Task to complete
Leave every picture out and give back the lines below from the first through the line that holds "Sail the high", exactly as written.
──────── Given material ────────
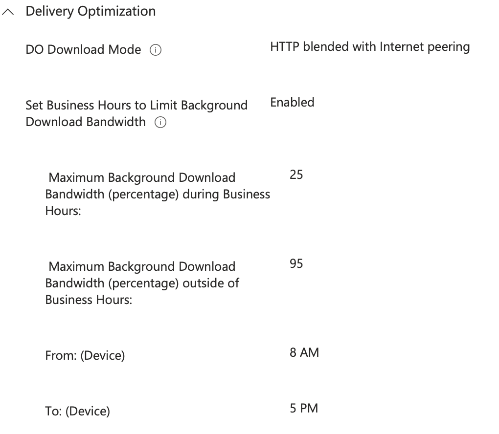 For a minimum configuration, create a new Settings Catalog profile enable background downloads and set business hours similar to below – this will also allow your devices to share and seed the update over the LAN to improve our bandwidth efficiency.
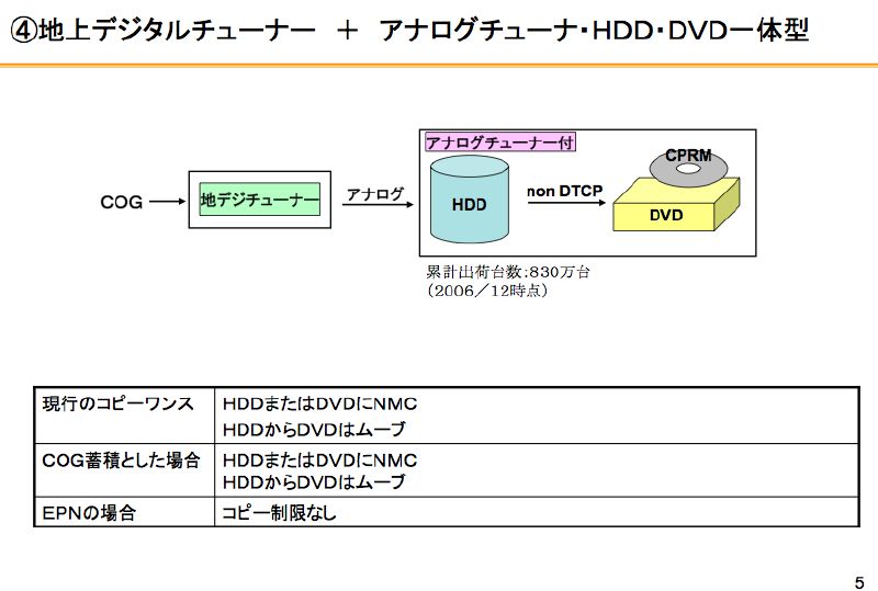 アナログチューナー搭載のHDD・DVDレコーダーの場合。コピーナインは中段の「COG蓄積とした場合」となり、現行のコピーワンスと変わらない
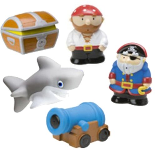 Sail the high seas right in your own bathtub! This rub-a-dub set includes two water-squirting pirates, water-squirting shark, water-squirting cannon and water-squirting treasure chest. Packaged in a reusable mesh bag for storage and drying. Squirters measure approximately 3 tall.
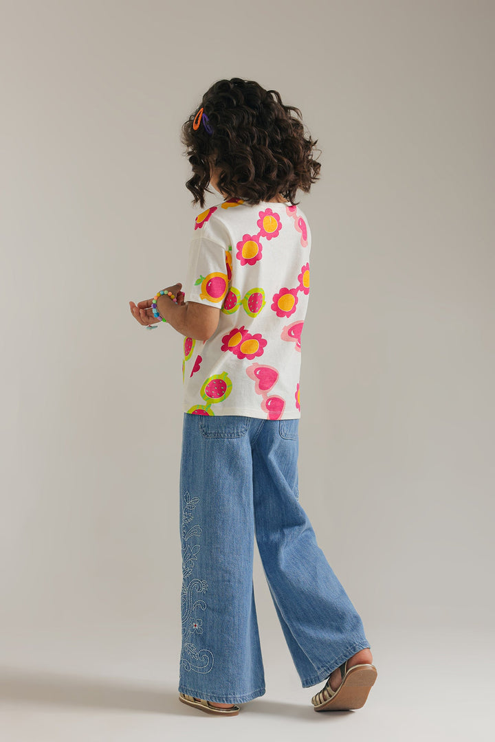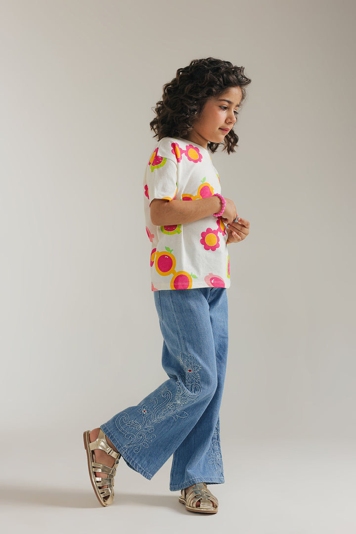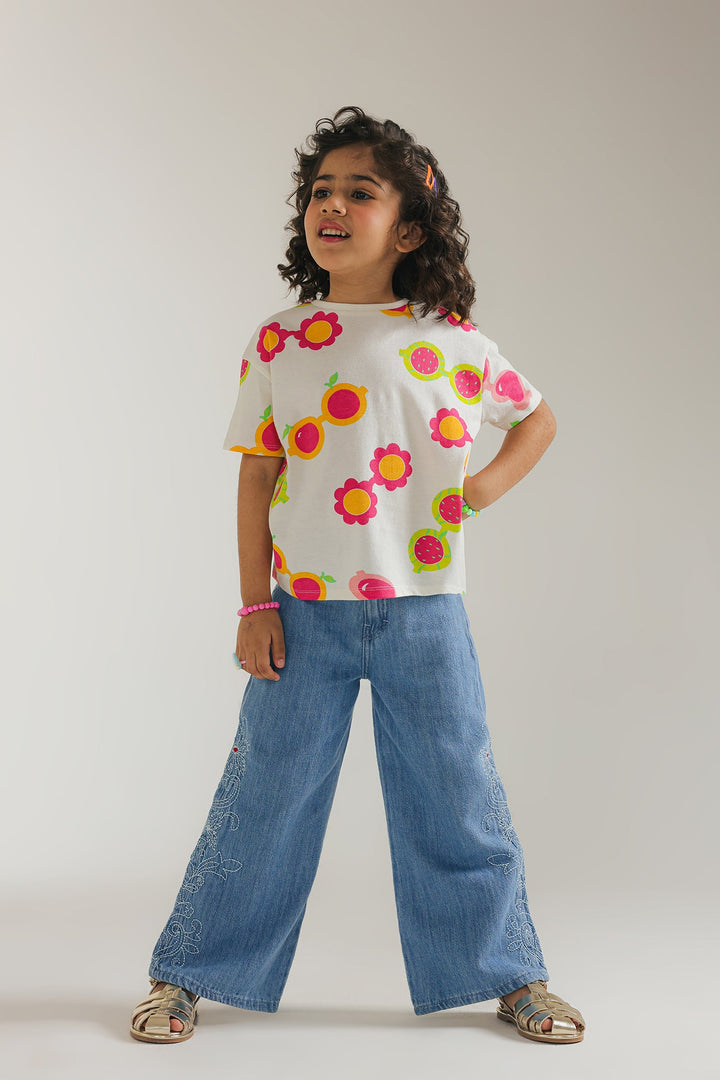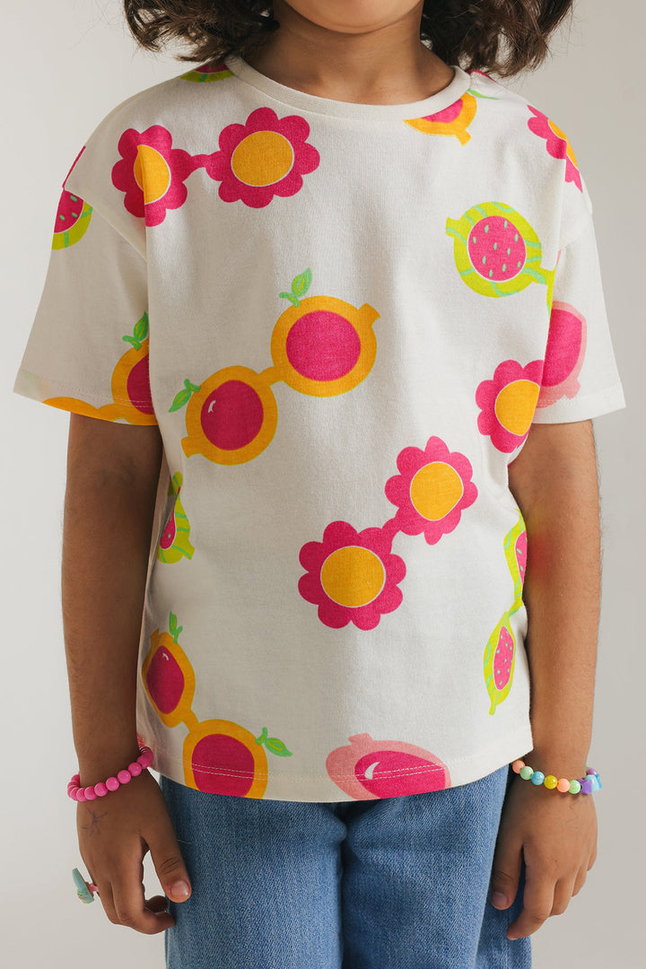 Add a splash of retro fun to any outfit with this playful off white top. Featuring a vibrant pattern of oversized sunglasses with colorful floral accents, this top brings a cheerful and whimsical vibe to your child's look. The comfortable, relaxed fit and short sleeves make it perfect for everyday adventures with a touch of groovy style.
────────
Answer space
 For a minimum configuration, create a new Settings Catalog profile enable background downloads and set business hours similar to below – this will also allow your devices to share and seed the update over the LAN to improve our bandwidth efficiency.
 アナログチューナー搭載のHDD・DVDレコーダーの場合。コピーナインは中段の「COG蓄積とした場合」となり、現行のコピーワンスと変わらない
 Sail the high seas right in your own bathtub! This rub-a-dub set includes two water-squirting pirates, water-squirting shark, water-squirting cannon and water-squirting treasure chest. Packaged in a reusable mesh bag for storage and drying. Squirters measure approximately 3 tall.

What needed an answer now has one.